I agree that there seems to be some inconsistencies between the foresic information in the header and the actual text of the email. Bear in mind that email headers can be spoofed, but the header you have displayed would be a darn good one, and I do not believe it is a fake. The reply address goes to "rabobank.nl", which is quite correct.

Rabobank is quite real. Please check this Wikipedia entry for information about this Dutch Bank [link]. Right at the bottom are links to the various domains around the world owned by the bank itself, including the .com and .nl variants.

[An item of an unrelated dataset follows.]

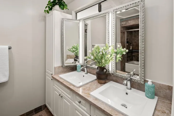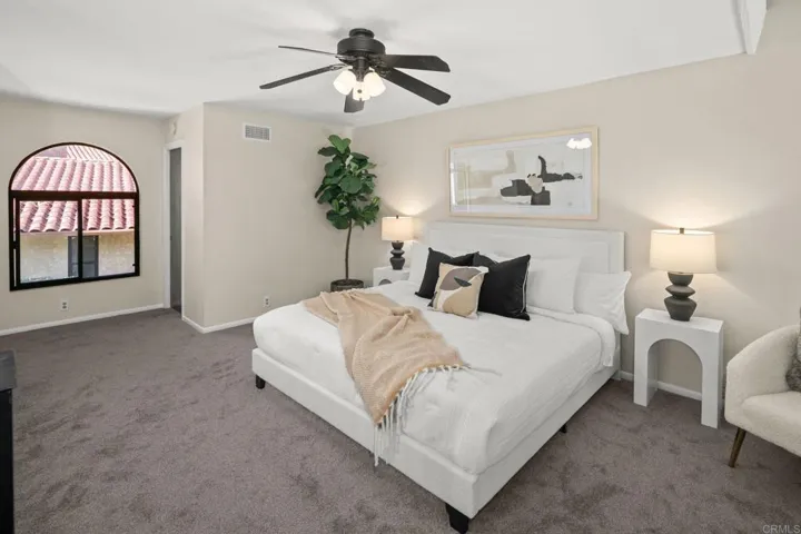Welcome to the serene and inviting Casitas De La Costa community, nestled in the heart of La Costa. This spacious two story, end-unit, loft-style home, thoughtfully designed and newly refreshed with new carpet, new paint throughout, new bathroom fixtures, new granite countertops and sinks in the baths and a walk-in closet. The kitchen boasts, recessed lighting, a new stove, freshly painted cabinets and a big stainless steel refrigerator. The oversized vaulted ceilings give the home an expansive feeling with gorgeous views looking east from the patio and picture window. This home has beautiful tile floors, a wood burning fireplace and exudes warmth and character. Enjoy the private patio or unwind in the community’s two pools, two spas, two saunas, and resort like feel with the sounds of the water features flowing throughout the community. The home has stackable washer and dryer, 1 gated assigned covered parking, underground parking for visitors and is a short drive to the ocean, state beaches, Batiquitos Lagoon and is very close to Omni La Costa Resort, for shopping, dining and golf. Stores, cinemas, restaurants and more are walkable, not to mention Carlsbad Schools are highly sought after. This home is a true retreat ready for it’s next homeowner!
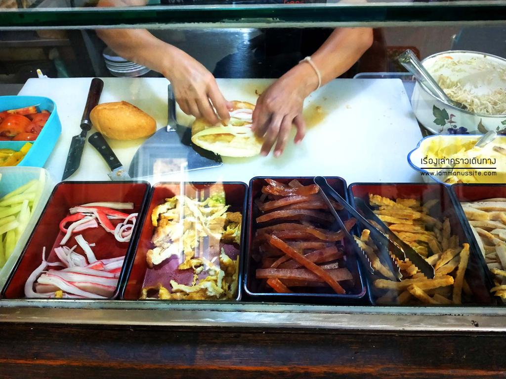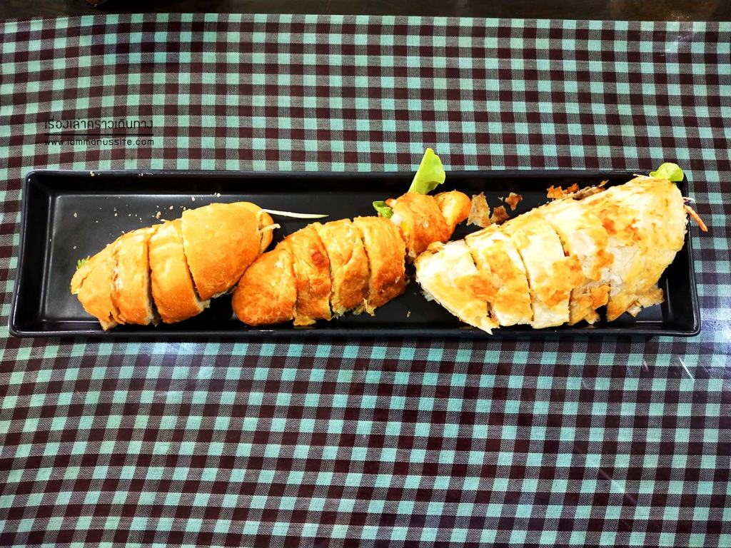 พวกเราไปกันหลายคนเลยได้สั่งเมนูฮิตหลายอย่าง อันที่เป็นหน้าเป็นตาของร้านอย่างแรกคือ ขนมปังฝรั่งเศสสอดไส้ พวกเราสั่งแบบ 3 สหาย คือ ปัตเต้ , ครัวซองต์ และโรตี เอามาแบ่งกันกินแกล้มชา-กาแฟ อาหารหลัก สั่งกันหลายอย่าง เช่น เส้นหมีขาวเห็ดชาจีน+กระดูกอ่อน (หรือเป็นข้าวต้มก็ได้), สลัดหลวงพระบางใส่น้ำมะขาม อันนี้ก็อร่อยมีรสหวานอมเปรี้ยวของน้ำมะขาม, ไข่ดาวหน้าหมู อันนี้มาแปลก เป็นไข่ดาวกับหมูผัดซ๊อส, สเต็กแม่โขง ที่ประกอบด้วย สเต็กเนื้อหรือหมู กับสลัดฮอยอัน และบะหมี่ แมนูนี้ก็แปลก อาหารถือว่ารสชาติถูกปาก ราคาก็ตามความโด่งดัง คือราคาสูงหน่อย

The .CORP you pulled from the header only means something internally to the IT services of the bank. It is not a domain name and could just as easily say "fred.bloggs". I don't pretend to know everything about the technicalities of email headers, mail servers or the way they can be set up, but based on a number of years of reading headers, what you have posted looks perfectly ok to me.

This is the reason I suggested going back to your bank for help. They will be able to contact the Dutch bank through official channels to try and sort it out for you.

It may be a simple error, or perhaps a miscommunication within the banking process, but as there is no immediate indication of a scam in progress, going to your bank would seem to be the most appropriate course of action.

i wrote this post as 'mokummer' - i am not the same as 'carrot end' - who asked the question.
i'm dutch. i know a little bit how the websites of dutch banks work. i have more info about this particular situation than i can write down here - this being an open forum. 'carrot end' and 'mokummer' are just puzzled about technicalities of which you seem to be much more aware. having read (privately) another email in this case, i'm almost sure 'carrot end' was into a scam situation, most likely to get banking and/or identity details. by profession, i am a dutch text editor - i found a few questionable irregularities. 'carrot end' tried to google translate the dutch parts of the mail correspondance with the 'booking guy', but got lost...

thanks a lot for your support - much appreciated!

i have more info about this particular situation than i can write down here - this being an open forum.

Witholding information prevents quality analysis by return, you could be witholding a vital piece of evidence. I cannot possibly assist any further.

Welcome here Carrottop.

For an international transfer banks only need the name of the account holder (or company name) account number, IBAN or bic number. And this:

"Name Fully written.
Place of birth
Nationality
Male or female of account holder"

is not needed. If your client gets back to you saying the transfer won't work and they want to send a cheque, then you know it's a scam! Could you post the emails from the client with headers?

Thanks everyone for looking at this. I will speak to our bank again tomorrow and ask them to contact the Dutch bank themselves to see if the customer service adviser in the email exists.

If it looks like a real email from the Dutch bank then it gets more confusing!

I haven't posted the guests email header simply because it is their business email address and on the off chance this is real I do not want them being fetched by google as scammers.

However if tomorrow our bank cannot find a real bank trail I will post so you can see that info. We did speak to our bank when the original request came in and they assured us they only needed the details David confirmed and would never make a request for those personal details.

I will update tomorrow after speaking to our bank.